- [Task prompt] Print exactly, and only, the lines from the one that has "水尾陽菜多さんの総運は41画の5点!" through the end of the material below, with both ends included and the pictures omitted.

- [Recorded data]
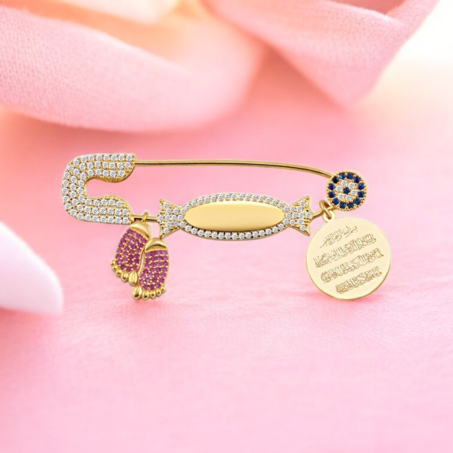 - Ayet-el kürsi dualı bebek iğnesi, manevi koruma sağlamak amacıyla ayet-el kürsi duası ve nazar boncuğu detaylarına sahiptir.
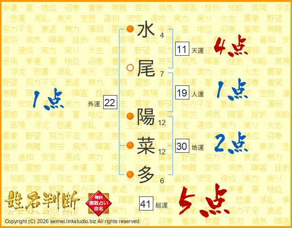 水尾陽菜多さんの総運は41画の5点!
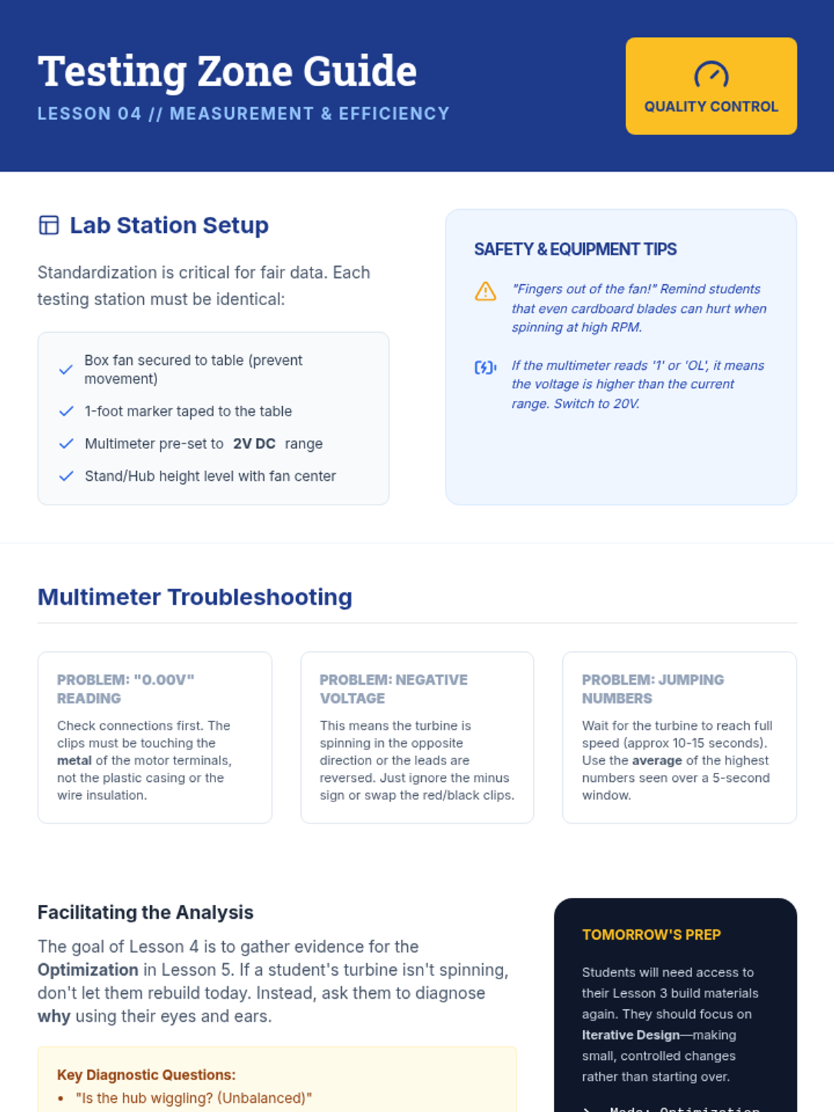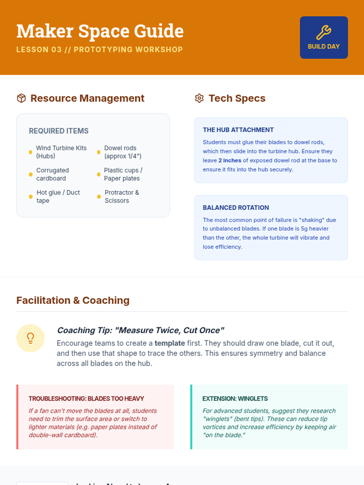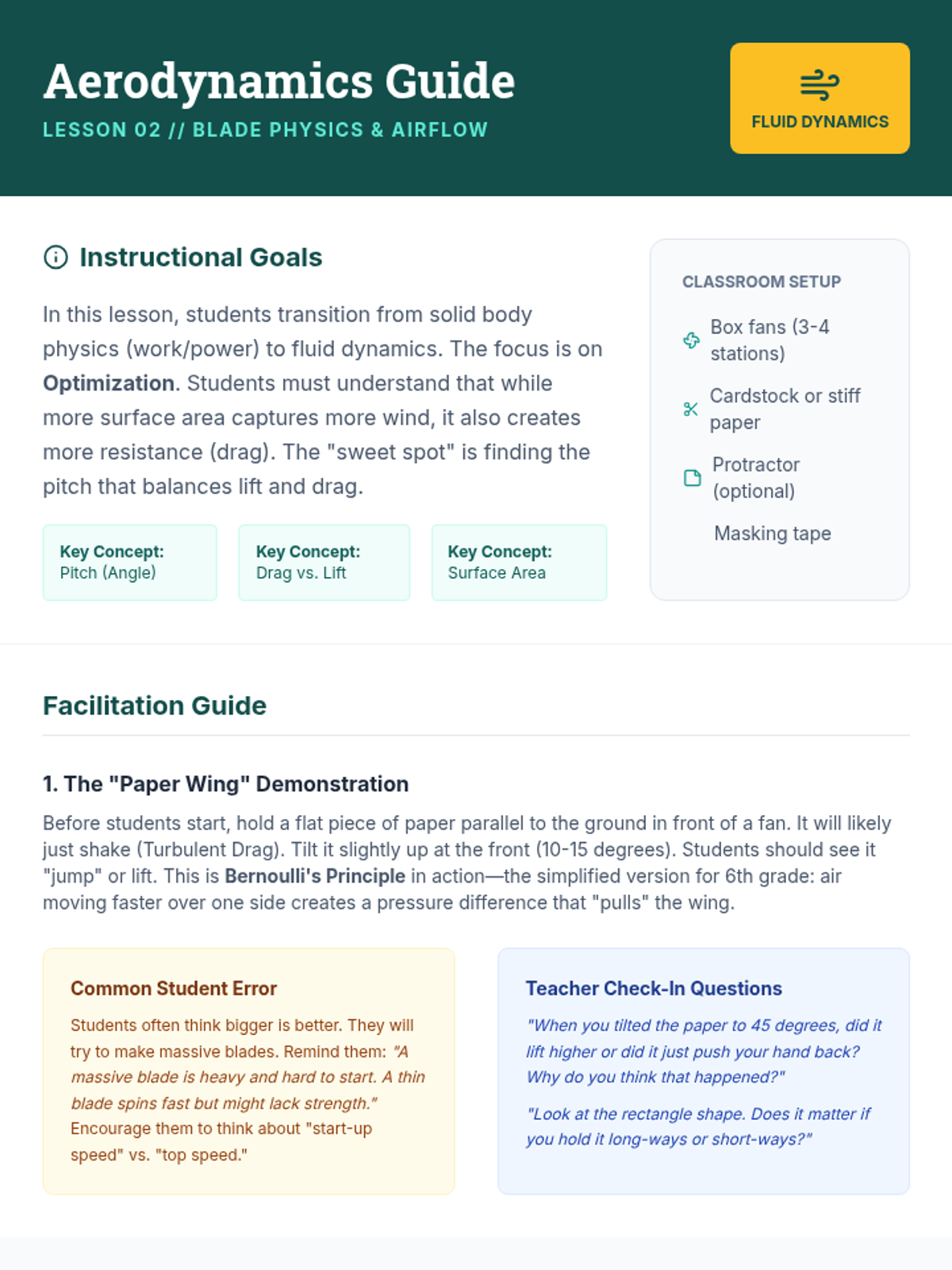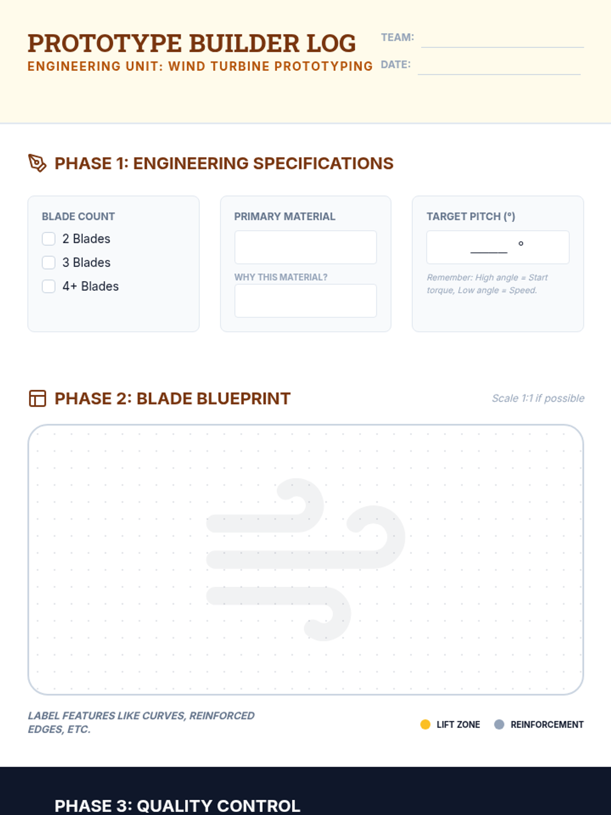 A hands-on physics and engineering unit where 6th-grade students explore the relationship between work, power, and aerodynamics by designing, building, and optimizing wind turbine blades. Students move from calculating their own power output to measuring the electrical efficiency of their engineered prototypes.

- [Written response]
 水尾陽菜多さんの総運は41画の5点!
 A hands-on physics and engineering unit where 6th-grade students explore the relationship between work, power, and aerodynamics by designing, building, and optimizing wind turbine blades. Students move from calculating their own power output to measuring the electrical efficiency of their engineered prototypes.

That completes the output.